DATA:
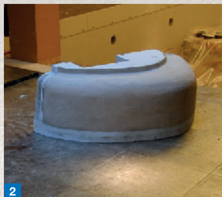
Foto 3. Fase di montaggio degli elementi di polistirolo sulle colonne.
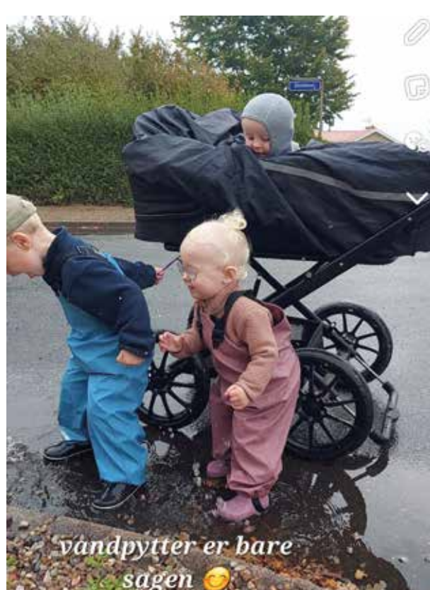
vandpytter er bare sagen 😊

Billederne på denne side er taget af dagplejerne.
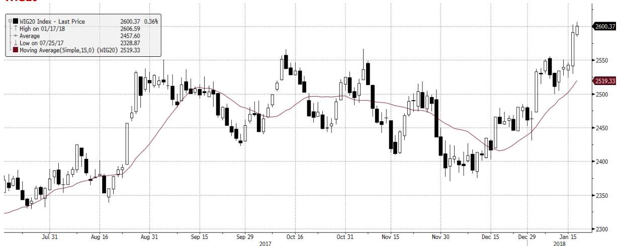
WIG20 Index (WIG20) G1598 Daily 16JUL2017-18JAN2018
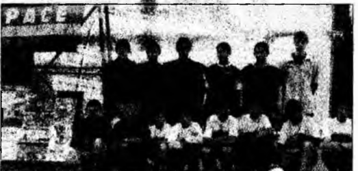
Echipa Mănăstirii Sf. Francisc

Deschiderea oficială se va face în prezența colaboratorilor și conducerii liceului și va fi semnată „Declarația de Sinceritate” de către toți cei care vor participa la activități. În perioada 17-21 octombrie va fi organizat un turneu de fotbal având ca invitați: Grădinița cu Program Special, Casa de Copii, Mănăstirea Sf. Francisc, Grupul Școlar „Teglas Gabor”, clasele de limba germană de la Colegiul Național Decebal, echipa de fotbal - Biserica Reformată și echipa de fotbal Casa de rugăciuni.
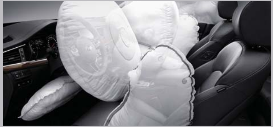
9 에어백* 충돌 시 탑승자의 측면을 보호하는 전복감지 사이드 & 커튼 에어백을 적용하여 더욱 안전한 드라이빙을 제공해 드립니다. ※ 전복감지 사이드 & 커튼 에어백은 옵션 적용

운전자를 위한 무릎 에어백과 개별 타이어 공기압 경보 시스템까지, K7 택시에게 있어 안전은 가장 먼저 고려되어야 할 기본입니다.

---

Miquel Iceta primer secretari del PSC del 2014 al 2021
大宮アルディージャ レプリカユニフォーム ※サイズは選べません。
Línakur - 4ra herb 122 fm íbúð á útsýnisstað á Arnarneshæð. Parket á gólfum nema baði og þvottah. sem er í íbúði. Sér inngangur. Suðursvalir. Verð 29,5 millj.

ASSIGNED TASK:
The output should be exactly the lines above from the line containing "大宮アルディージャ レプリカユニフォーム ※サイズは選べません。" to the line containing "Línakur - 4ra", inclusive, with no other lines.

REPLY TO THE TASK:
大宮アルディージャ レプリカユニフォーム ※サイズは選べません。
Línakur - 4ra herb 122 fm íbúð á útsýnisstað á Arnarneshæð. Parket á gólfum nema baði og þvottah. sem er í íbúði. Sér inngangur. Suðursvalir. Verð 29,5 millj.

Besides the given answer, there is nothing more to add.